When we run this code, the backup job will run at a 10 second interval:

Collecting device backup at 11:28:28.
Collecting device backup at 11:28:38.
Collecting device backup at 11:28:49.
Collecting device backup at 11:28:59.

Note that with schedule.run_pending(), the intended behaviour for that method is to run jobs that are pending. Something scheduled to run every 10 seconds can only be run often enough if run_pending() is called at the same interval or faster. For instance, a job with a 10 second interval will only run once per minute if run_pending() is called once per minute.

Let’s proceed and add another job to the schedule. Instead of just collecting the backup, we also collect additional facts that describe the device:

import schedule
import time
from datetime import datetime

def collect_device_backup():
    now = datetime.now().strftime("%H:%M:%S")
    print(f"Collecting device backup at {now}.")


def collect_device_facts():
    now = datetime.now().strftime("%H:%M:%S")
    print(f"Collecting device facts at {now}.")    
 

def data_harvester():    
    schedule.every(10).seconds.do(collect_device_backup)
    schedule.every(10).seconds.do(collect_device_facts)
    while True:
        schedule.run_pending()
        time.sleep(1)

if __name__ == "__main__":
    data_harvester()

We are now running 2 tasks at the same interval:

Collecting device backup at 11:35:06.
Collecting device facts at 11:35:06.
Collecting device backup at 11:35:16.
Collecting device facts at 11:35:16.
Collecting device backup at 11:35:26.
Collecting device facts at 11:35:26.

If we keep adding tasks to run at the same interval, it might be wise to ensure that not everything is run at the same time. The schedule module offers this facility for us. Instead of using every(10).seconds we use every(10).to(20).seconds:

def data_harvester():    
    schedule.every(10).to(20).seconds.do(collect_device_backup)
    schedule.every(10).to(20).seconds.do(collect_device_facts)
    while True:
        schedule.run_pending()
        time.sleep(1)

After the fist run, schedule will use random.randint to randomize the time at which the tasks are executed. With this in place, we now see the following:

Collecting device facts at 11:39:31.
Collecting device backup at 11:39:32.
Collecting device facts at 11:39:43.
Collecting device backup at 11:39:53.
Collecting device facts at 11:40:02.
Collecting device backup at 11:40:10.
Collecting device facts at 11:40:13.

Notice the do() method (‘do(collect_device_backup)’). It uses partial from functools to run the scheduled job. The do() method will pass additional args and kwargs to the function that is passed to partial.
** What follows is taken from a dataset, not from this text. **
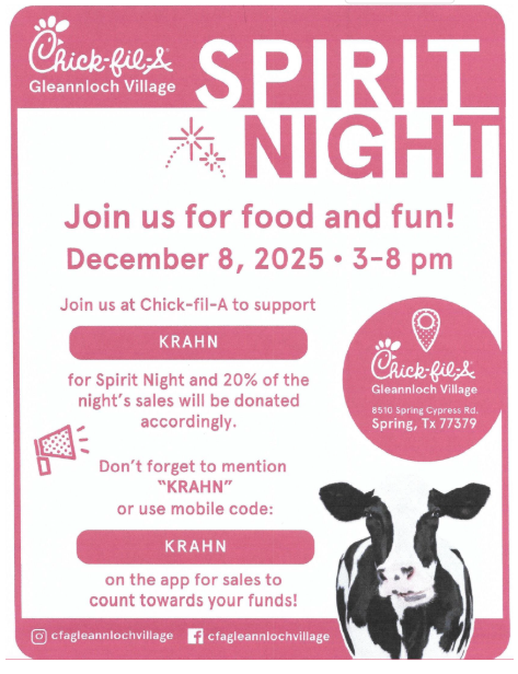 December - Chick Fil A – December 8th (3:00-8:00)

In the next example, the args_and_kwargs() function is scheduled. It is passed 2 arguments and 2 keyword arguments. We do this using do(args_and_kwargs, ‘arg1’, ‘arg2’, keyword1=’argument1’, keyword2=’argument2’):

import schedule
import time

def args_and_kwargs(*args, **kwargs):
    print(f"Args:{args}.")
    print(f"kwargs:{kwargs}.")

 
def data_harvester():    
    schedule.every(10).seconds.do(args_and_kwargs, 'arg1', 'arg2', keyword1='argument1', keyword2='argument2')
    while True:
        schedule.run_pending()
        time.sleep(1)

if __name__ == "__main__":
    data_harvester()

Running this will give you the following:

Args:('arg1', 'arg2').
kwargs:{'keyword1': 'argument1', 'keyword2': 'argument2'}.
Args:('arg1', 'arg2').
kwargs:{'keyword1': 'argument1', 'keyword2': 'argument2'}.
Args:('arg1', 'arg2').
kwargs:{'keyword1': 'argument1', 'keyword2': 'argument2'}.
Args:('arg1', 'arg2').
kwargs:{'keyword1': 'argument1', 'keyword2': 'argument2'}.

The schedule package offers more convenient ways to schedule jobs. The following comes from directly from the readme:

import schedule
import time

def job():
    print("I'm working...")

schedule.every(10).seconds.do(job)
schedule.every(10).minutes.do(job)
schedule.every().hour.do(job)
schedule.every().day.at("10:30").do(job)
schedule.every(5).to(10).minutes.do(job)
schedule.every().monday.do(job)
schedule.every().wednesday.at("13:15").do(job)
schedule.every().minute.at(":17").do(job)

while True:
    schedule.run_pending()
    time.sleep(1)

Check the package right here to see what it has to offer.

For these examples, I used Python 3.9.0 and schedule version 1.0.0.